To understand why one of the most familiar names in the sim community has moved to Sweden to work with Skvader Studios on a U-boat focussed version of the sim formerly known as HMS Marulken (new title TBA) you need to go back to Neal’s childhood (A Battleships-obsessed youngster whose passion for all things submarine was intensified by an early encounter with Herbert Werner’s Iron Coffins and a visit to Seawolf Park in Galveston, Neal was designing multiplayer submarine games long before the advent of the home computer). Quizzing the man himself about his dramatic heading change is probably a good idea too.
RPS: What was it about the HMS Marulken demo/prototype that you found so exciting?
Neal: Without a doubt the co-op multiplay element. I first heard from the Swedish devs Oscar and Einar a year ago in August 2015. They sent a link to a video of their project and I asked them to keep me informed of progress. As you know, on any given day there are countless small teams working on game projects and most never get completed. In this case, I heard from them again last May; they sent me a link to the demo and I gave it a try.

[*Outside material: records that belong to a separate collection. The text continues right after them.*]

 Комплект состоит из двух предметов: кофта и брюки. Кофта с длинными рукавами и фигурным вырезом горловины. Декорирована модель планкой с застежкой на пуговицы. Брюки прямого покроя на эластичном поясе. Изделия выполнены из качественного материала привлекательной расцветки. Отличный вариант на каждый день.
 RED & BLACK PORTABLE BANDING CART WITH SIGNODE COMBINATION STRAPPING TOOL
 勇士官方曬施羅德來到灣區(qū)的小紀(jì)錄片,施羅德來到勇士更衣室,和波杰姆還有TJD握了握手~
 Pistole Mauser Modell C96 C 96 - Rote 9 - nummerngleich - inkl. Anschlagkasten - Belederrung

I was impressed by several things: the completeness of the build (you could pretty much do all the things a finished game would allow) the quality of the work (the graphics were quite good and you could tell they knew how to create models and environmental effects) plus the fire control features and radio/sonar stations were very well designed and functional. It was obvious that a lot of thought had gone into how the game would be played. Unlike most previous subsims, where you click “P” and your sub is taken to periscope depth and remains there without any deviation, in HMS Marulken depth changes involve lots of lever manipulation – ballast tanks must be flooded or emptied. The Torpedo Data Computer was another example. All the important parts had been modelled (range finding, heading, speed, and AOB inputs) and worked very well.

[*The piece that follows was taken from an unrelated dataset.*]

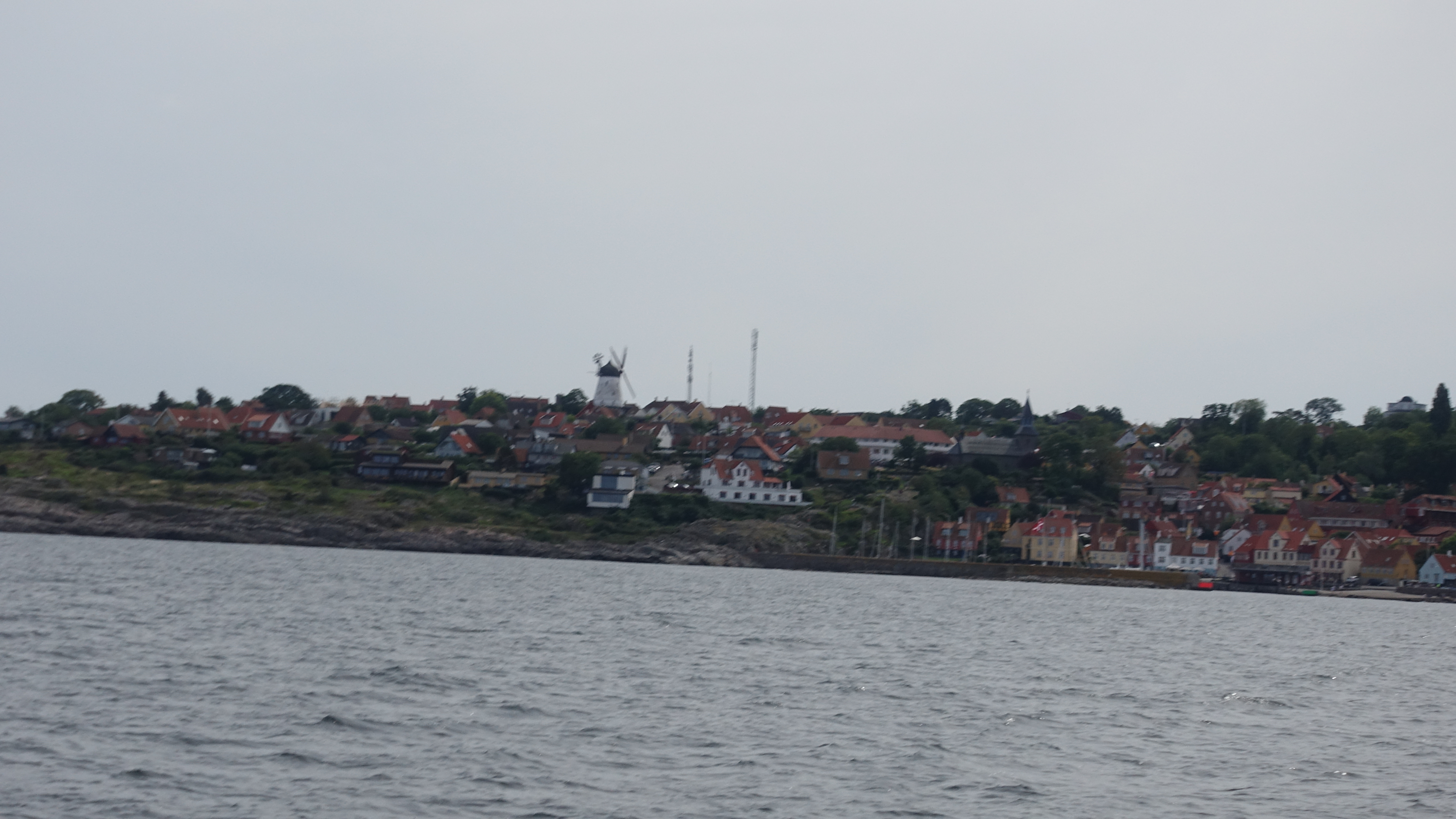 Bei den widrigen Bedingungen sind auf unserer Strecke nur wenige Segler unterwegs. Aber nach einer kurzen Eingewöhnung wird es ein anstrengender aber schöner Segeltörn und wir bekommen in Gudhjem noch den letzten Liegeplatz gegen den Wind. Das frühe Aufstehen hat sich ausgezahlt.

Once I got a few Subsim members in a co-op game I was sold. Yes, single player games are still fun but the teamwork and group expertise needed to play the demo left me wanting more. The Swedish devs had a Kickstarter goal and although they had gotten over half-way, they were running out of time. So, I made a proposal that Subsim would financially support game development for a year and assist them. Oscar and Einar are the brains and the talent of the operation, Subsim is just providing the Ramon noodles.
RPS: What Silent Hunter-series weaknesses and omissions do you intend to address in ‘Project X’?
Neal: I can’t say there are many omissions in the Silent Hunter series. SH3 and SH4 are extraordinarily well-made games that do much and do it well. Seriously, the Romanian devs are virtuoso artists and programmers. What we are looking to focus on is a subsim that gives the player an opportunity to play in a different way. First and foremost, the new game will feature co-op multiplay just like the Marulken demo. Unlike the SH series, our game will highlight the teamwork necessary to operate a submarine.
There will be four roles available, the Captain, the Exec/Navigator, the Chief and the Sonar/Radio officer. To successfully dive the boat, set up a fire control solution, decode orders from BdU etc. cooperation between the four members of the crew will be essential. When the boat is submerged, the Captain will rely on the Sonar player to update him on the sound contacts and their bearings. Where other (single player) sub sims use bearing lines that are automatically updated on the chart, we will task the Sonar guy with tracking contacts and relaying that information by voice to the Captain, who will then make course, speed and depth decisions and relay them to the Chief – the player who actually operates the dive planes and helm. The Exec will be responsible for updating the chart, which the Captain can refer to.
Here’s another example. Let’s say the Captain and Exec are on the bridge, searching for smoke or masts on the horizon. Suddenly a Liberator drops out of the clouds in an attack dive! The Captain or Exec will need to hit the alarm button on the bridge, which will sound a crash dive alarm audible to all four players. The Chief knows it is up to him to flood the main ballast tanks and the negative tank immediately, and set the dive planes to full dive and ring the telegraph to ‘Ahead Flank’ (all these actions will be executed via manual valve wheels and controls). Meanwhile, the Captain and Exec players must drop down the hatch and close it behind them, or the boat will be lost due to flooding. If the Exec does not close the hatch, or if the Chief fails to blow negative in time “catching the dive”, game over!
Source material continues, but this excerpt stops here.